Pavel Melnikov leaned over the Tsar’s shoulder and looked at the red-penciled loop below his finger.

“That, I believe, is the forest owned by the son of the Duke that, uh... he is a great supporter of you, your majesty... it would benefit his lumber interests to not have to move his mills the several miles toward the, um, more direct lay of the tracks.”

Tsar Nicholas tapped his finger on the circle and shook his head, which had turned a shade redder. He looked disapprovingly at Pavel.
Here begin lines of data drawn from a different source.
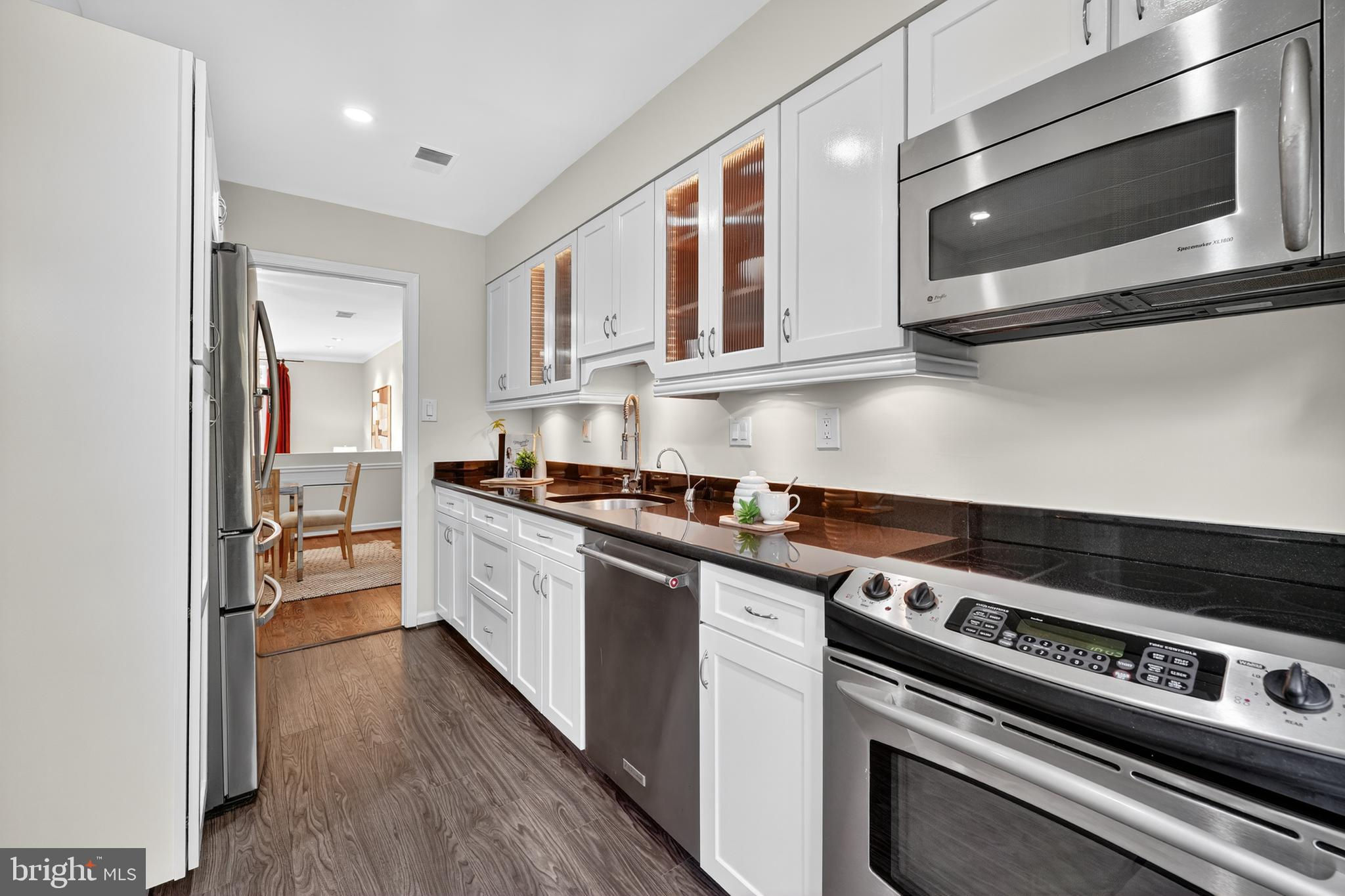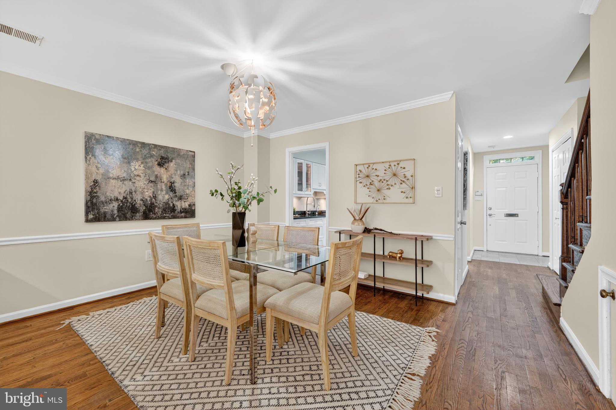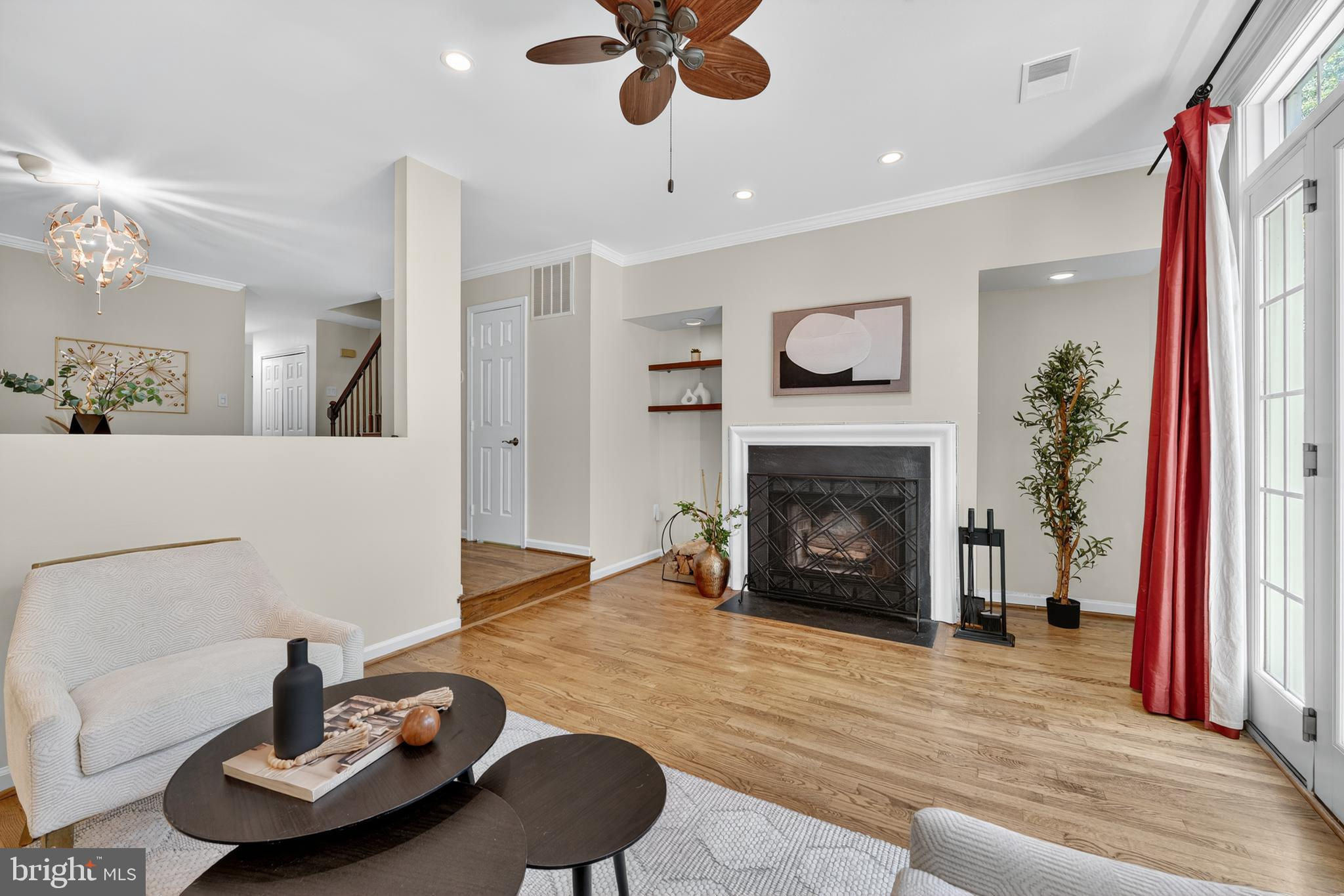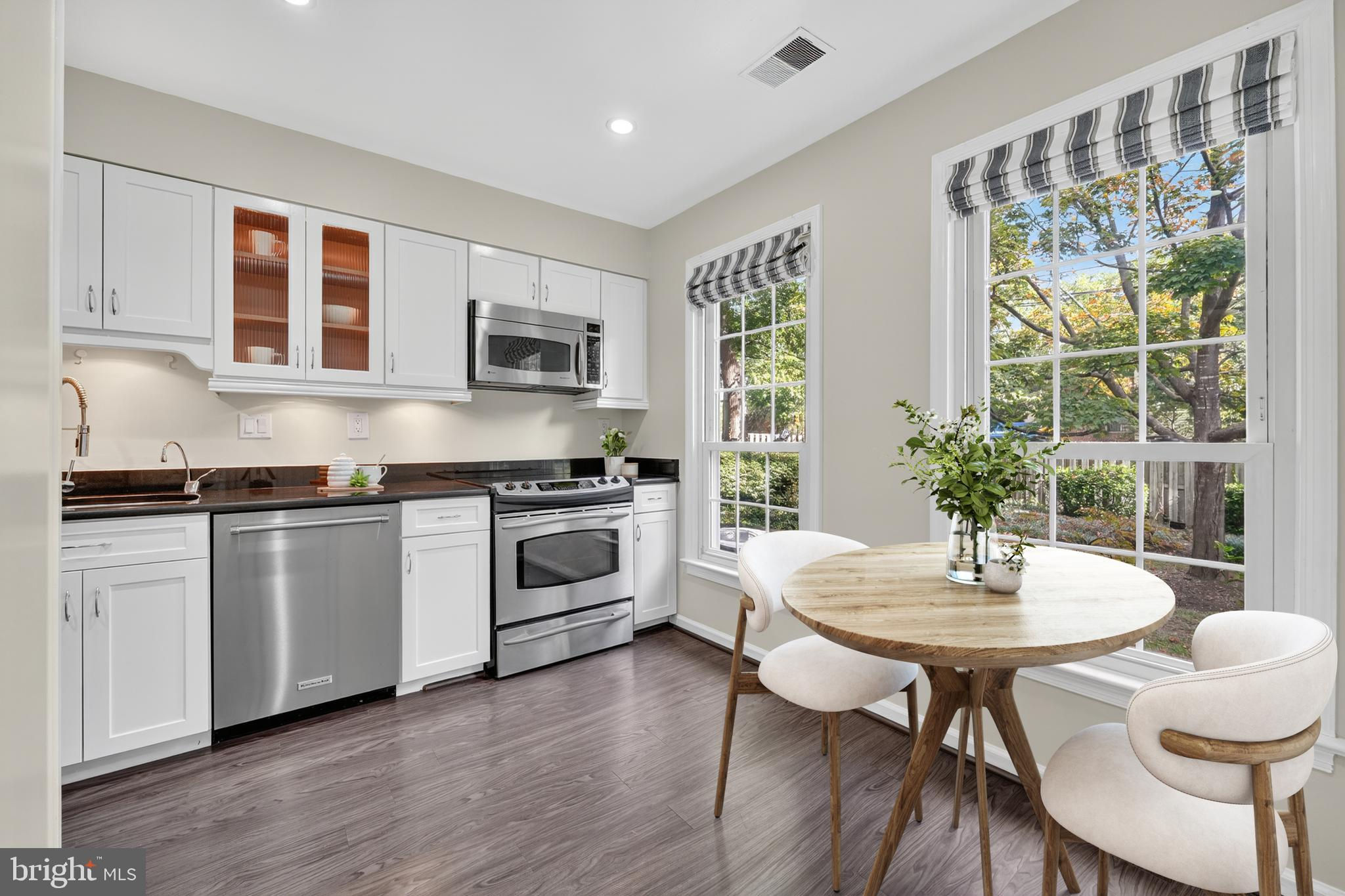 Nestled in the charming Beverly Hills Manor community, this delightful 3-bedroom, 3.5-bath townhome offers a thoughtfully designed and beautifully updated living space. Step inside to a light-filled main level featuring gleaming hardwood floors and recessed lighting. The kitchen is a true culinary delight with white cabinetry, stainless steel appliances, including a KitchenAid dishwasher and Samsung French door fridge (2022), granite countertops, and a cozy breakfast area framed by large windows overlooking the peaceful front common green space. The warm and inviting living room, paired with an adjacent formal dining area accented by an updated light fixture, serves as the heart of the home. A beautiful wood-burning fireplace, floating shelves, and French doors leading to the rear patio create a seamless blend of indoor comfort and outdoor enjoyment. A stylish powder room and a laundry closet with stacked washer and dryer complete this level. Upstairs, you’ll find two spacious bedroom suites, each featuring ceiling fans, customized walk-in closets, and private en-suite baths with tiled tub/shower combinations and contemporary vanities. The top level offers versatility as a home office or third bedroom, complete with plush carpeting, two skylights that can open for fresh air during the cooler seasons, ample closet space, and an en-suite bath with custom tile and a tub/shower combo. Step outside to your private patio, a perfect spot for morning coffee or evening gatherings under the stars. The newly fenced (2020) low-maintenance backyard with stone patio and retaining wall provides a peaceful outdoor oasis. Thoughtful updates include HVAC (2023), water heater (2023), roof (2018), Ecobee thermostat (2025), and crawlspace insulation (2020). Parking is a breeze with an assigned off-street space, plus 3 additional parking passes that convey. Ideally located within a mile of the legendary Birchmere and Del Ray’s charming shops and restaurants, and just minutes to Old Town Alexandria, multiple Metro stations, and the Four Mile Run Trail connecting directly to the W&OD Trail—this home truly has it all. Don’t miss it!
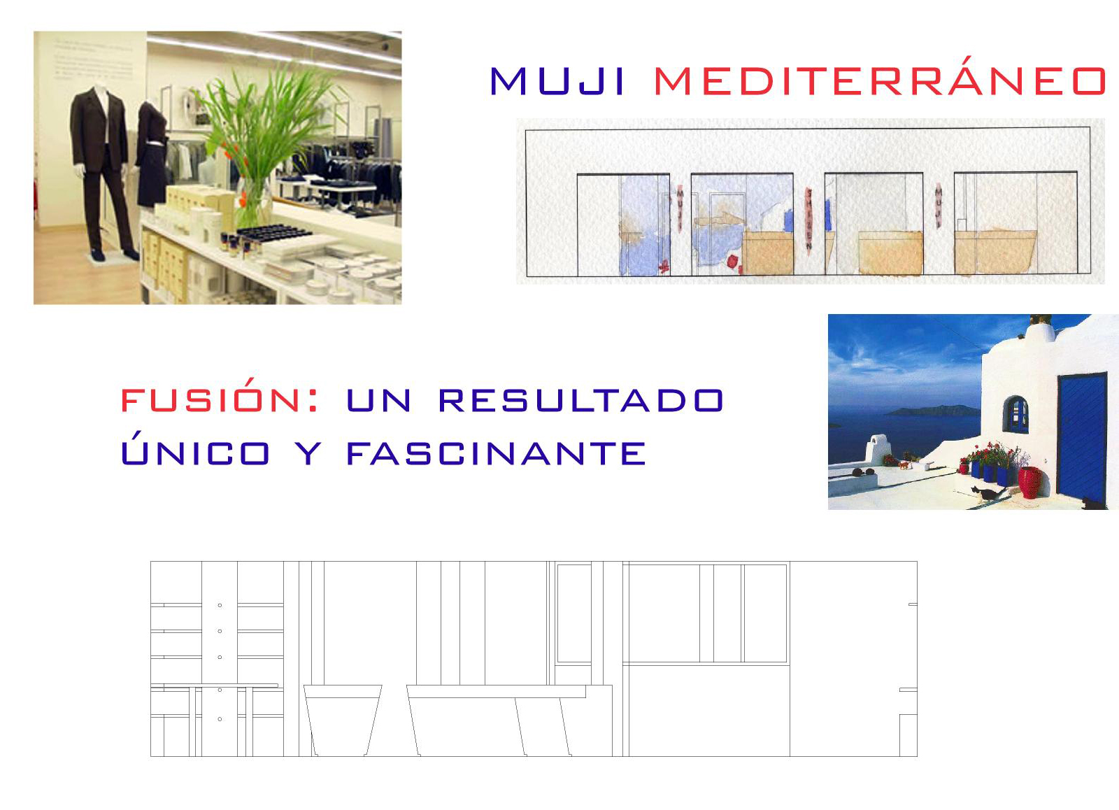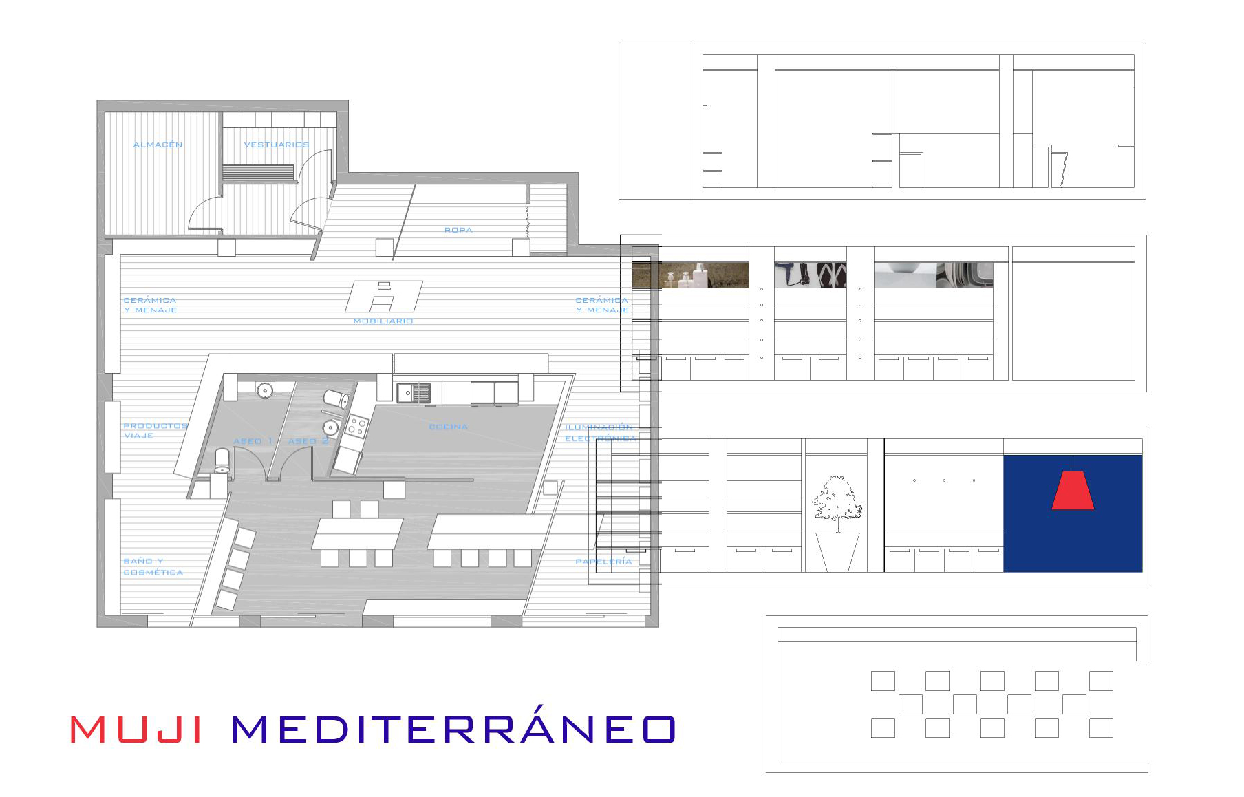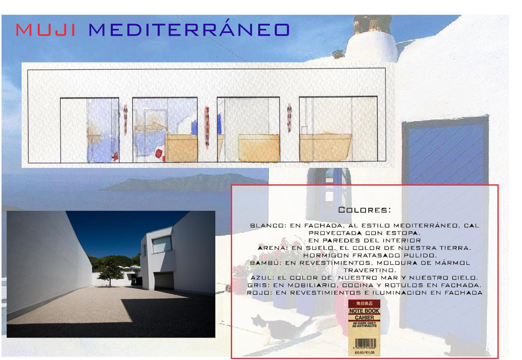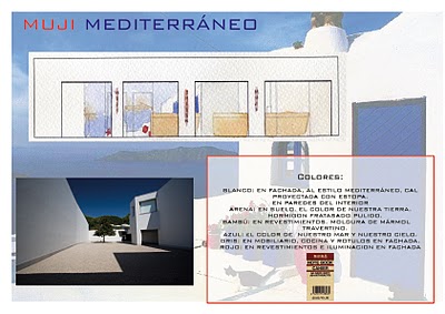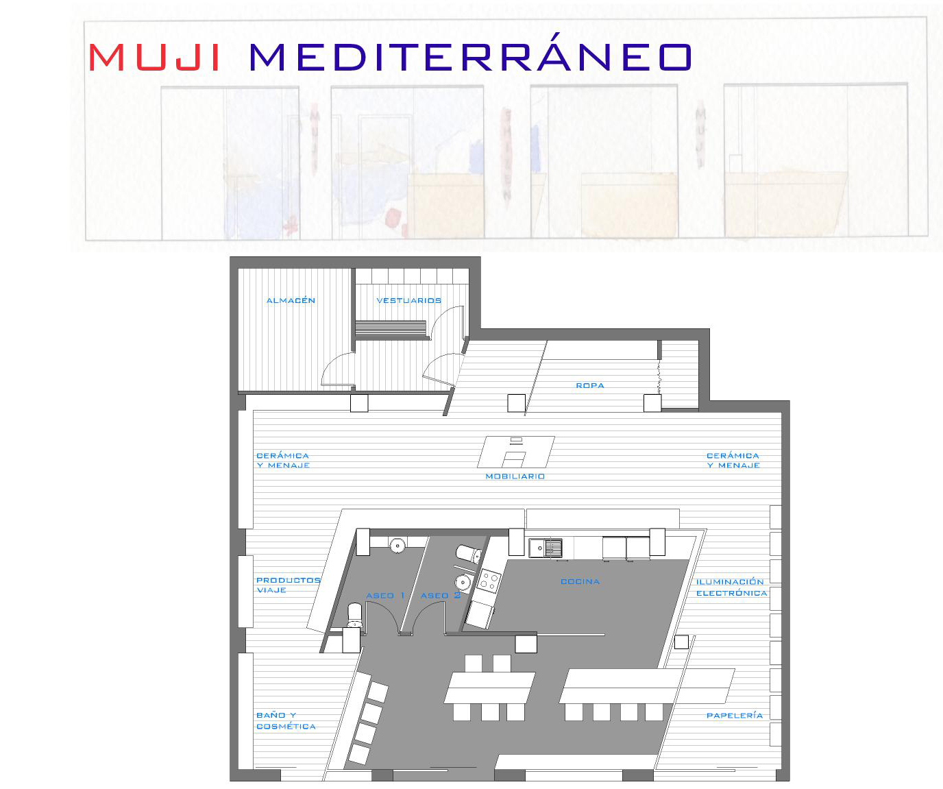 Mi propuesta era realizar un Muji a la mediterránea mediante falso techo de cañizo atado tipo barraca valenciana, y maderas bastas para el mobiliario y expositores. Este local además de la tienda posee una zona destinada a la hotelerÃa proyectado en el centro teniendo muy en cuenta la distribución del producto y los flujos de movimiento que querÃa crear en el local.
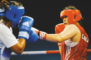 在女子81公斤以上级的比赛中,中国选手李云飞(右)以11:3战胜印度选手,进入决赛。 本报记者 宋国强
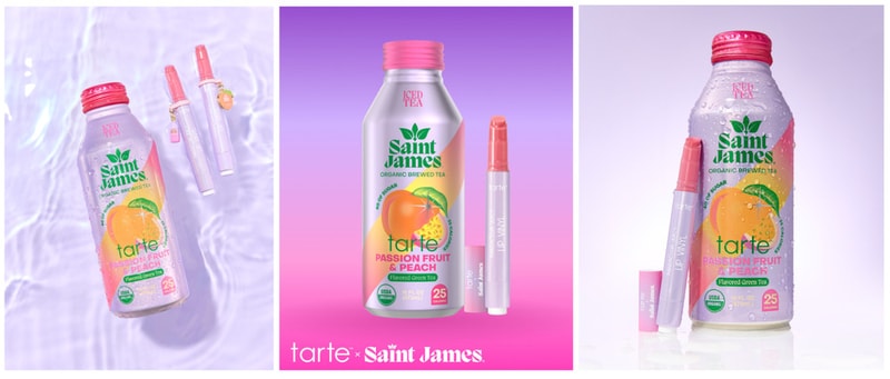 tarte Cosmetics and Saint James Iced Tea launched a limited-edition co-branded collaboration featuring tarte's 'Maracuja Juicy Lip' gloss alongside a passionfruit and peach organic green tea. The tarte Saint James collaboration dropped exclusively on Amazon, TikTok Shop and both brands' websites on April 6.

“Right turns, left turns... loops! Pavel, I’ve asked you to build a railroad, not a panoramic tour of Russia. Your plans here add hundreds of miles to the route; this is what you learned from the Americans during your observations there?”

The Tsar pushed his chair back from the desk and agitatedly began opening and closing drawers until he found what he was looking for. Leaning forward again over the plans, he placed one end of a ruler on Moscow, and the other end he slid into place right over St. Petersburg. With a charcoal pencil, he traced a thick and heavy black line from one city to the other. Then he rose and handed the ruler to the ashen-faced Pavel and broke the pencil, dropping the pieces into a wastebasket.

“You will construct it like this,” he said without turning around on his way out of the office on February 1, 1842.

Ten years later, the Moscow-St. Petersburg railway opened and the trains ran on time. The power of autocracy prevailed, even if thousands of serfs gave their lives working from sunrise to sunset seven days a week to do it. To this day, it runs the 404 miles in a line as a straight as a ruler.

2 comments:

Enbrethiliel said...

+JMJ+

I like this. Sometimes it does take an autocrat to get something done right.

cyurkanin said...

LOL Very true but I can't help believing that there's a middle ground somewhere in there where slave-labor isn't necessary!!! Seriously though, if the last century of Russian tsars had used this kind of authority against the nobility a bit more, and a quite a bit less against the serfs, the catastrophe of 1917 would never have had to happen.